Don’t Forget… You’re Invited
November 11, 2010 at 2:29 pm · Filed under Copy / Writing, Photography / Film, Print / Editorial, Type / Fonts
2003 law school graduation party invitation (side A); 4.5 x 6in. / 2003
In studying the prevailing American mindset on the subject of career success, perhaps the most insightful text on the matter is the collected works of TV Guide. Skim past the prologue of red-eyed shills, the hazy caffeine of morning droll and other timefill of pandering feel-good talk, geriatric game shows and irrelevant local news, and and start taking notes at prime time. Discounting the relatively recent, unfathomable minefield of “reality” as desperate scatter-shot, you are left with memes so powerful and enduring as to have riddled prime slots snowy and black and white all the way through 3DHD: Doctors and lawyers. Television’s ethereal blue glow has taught us to revere these two professions more than any other, and, in the interest of the court, I was guilty as any.
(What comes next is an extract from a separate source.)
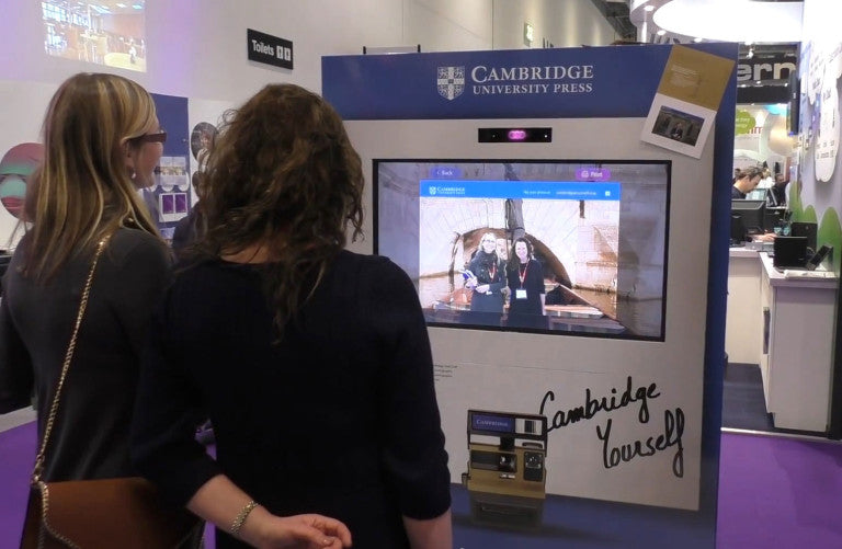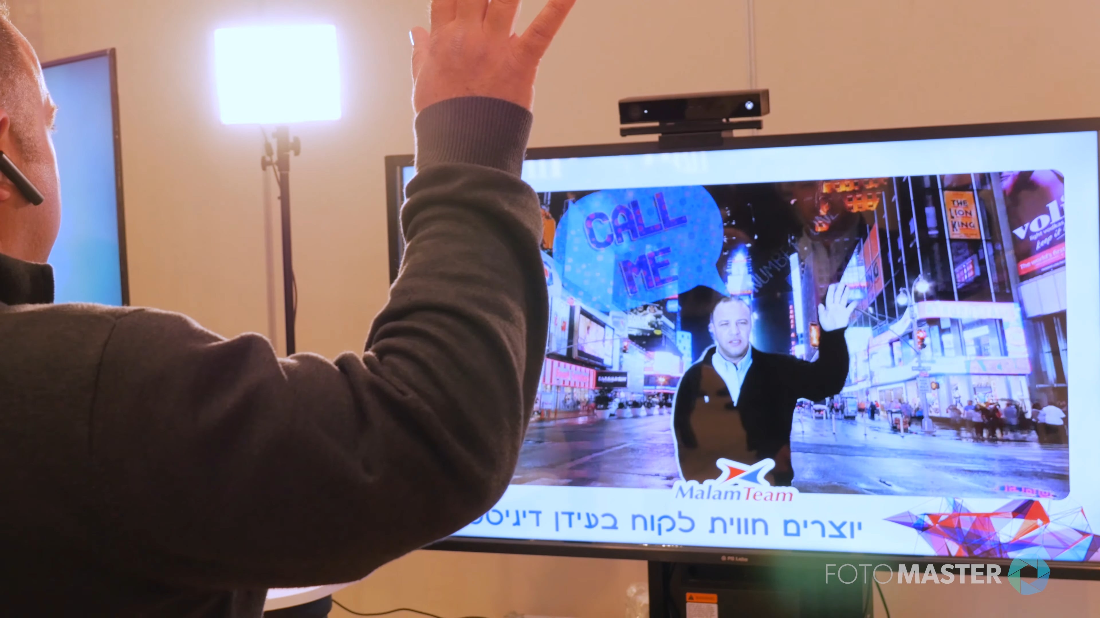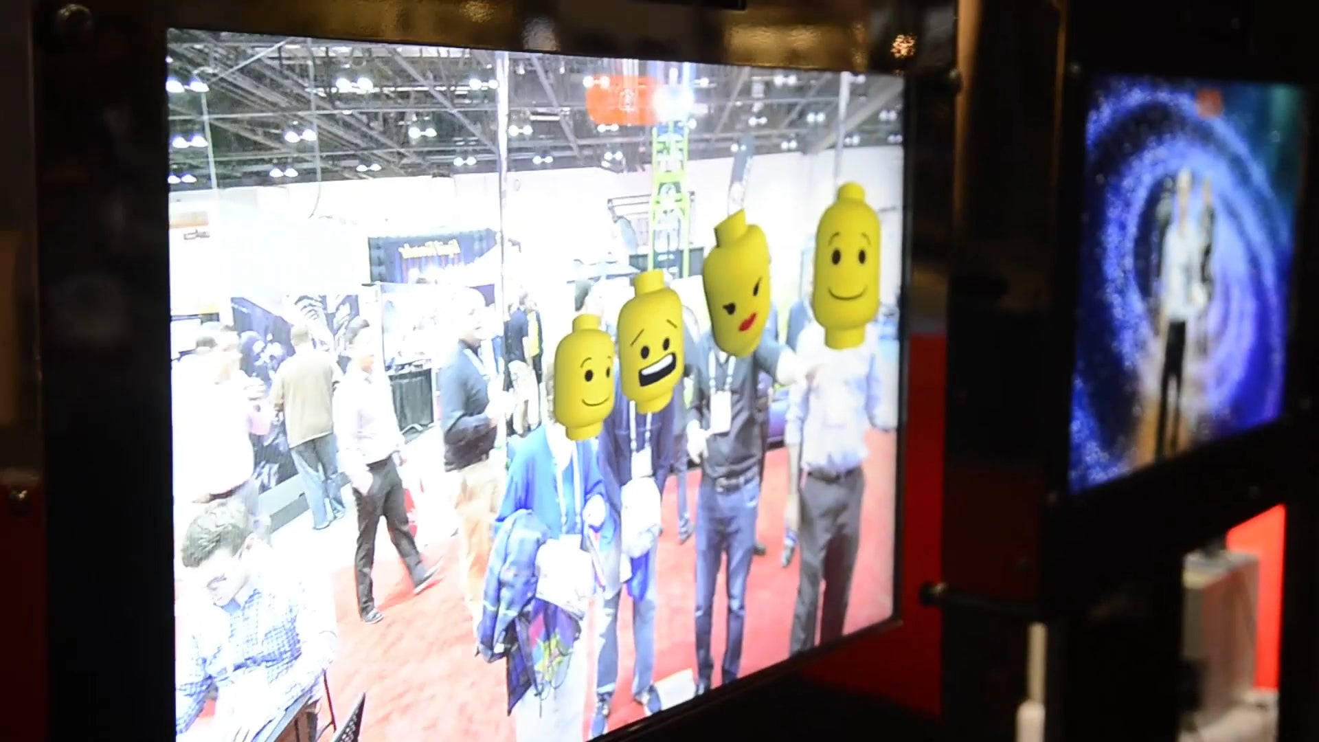 Augmented Reality Photo Booth wows guests as their image is augmented with virtual 3D props over a large-screen display. The guests interact and control the experience using hand gestures to create an extraordinary photo keepsake.

This TV-fed fascination with doctors and lawyers comes not from their contribution to society, but on their sheer entertainment value. Prime time has served up their appeal on silver platters. We see doctors tussle with human life, which is kind of like what God is all about; the appeal is obvious. Lawyers are the cunning oral marksmen, toggling between cool recitation of obscure precedent and impassioned appeals for basic decency. Each have their own brand of exotic diction that elevates them from the rest of the bread and butter world, leaving us to assume their impenetrable turns of phrase are ingenious shows of mental strength. Moreover, both are assumed to make boatloads of money…
I should mention a third meme that has proved similarly time-tested and Nielsen-approved, but it has a different cast: Cops. We are led to cite these street talkers as “everyday heroes” and they may even earn some awe for their moxie, but we’re shown little reason to give their job any aspirational value. Their foul-mouthed dishabille is picked-up and only spirals. It takes everything in their power to just beat back death every day. Moreover, it doesn’t take long to figure out that they are just doing the dirty work for the lawyers, who’ll “take it from here, thanks.” There is never any talk about cops’ salaries, unless it is painfully insufficient. Any fleeting, youthful intrigue in guns and American cars was never enough to drive me toward working a beat.
Taking both doctors and lawyers on equal ranking in terms of American reverence, doctors really get the short end of the stick in reality (the real reality). They have to go to school for eons and, with all that blood and gore? No, thank you. Lawyers, on the other hand… that’s three years of post-grad and you’re out cleverly badgering witnesses into submission. The mavens of the small-screen courtroom, from Matlock to McCoy—hell, even McBeal—all made lawyering look pretty choice.
Nevertheless, despite never having seen a single television show about it (was there ever one?), graphic design eventually snuffed out any latent interest in the legal arts. As sexy as all of that fancy arguing may look on TV, the process is interpretive and repetitive—creativity in law is only for the corrupt; I’m just not wired for it. Plus, with all that required reading? No, thank you.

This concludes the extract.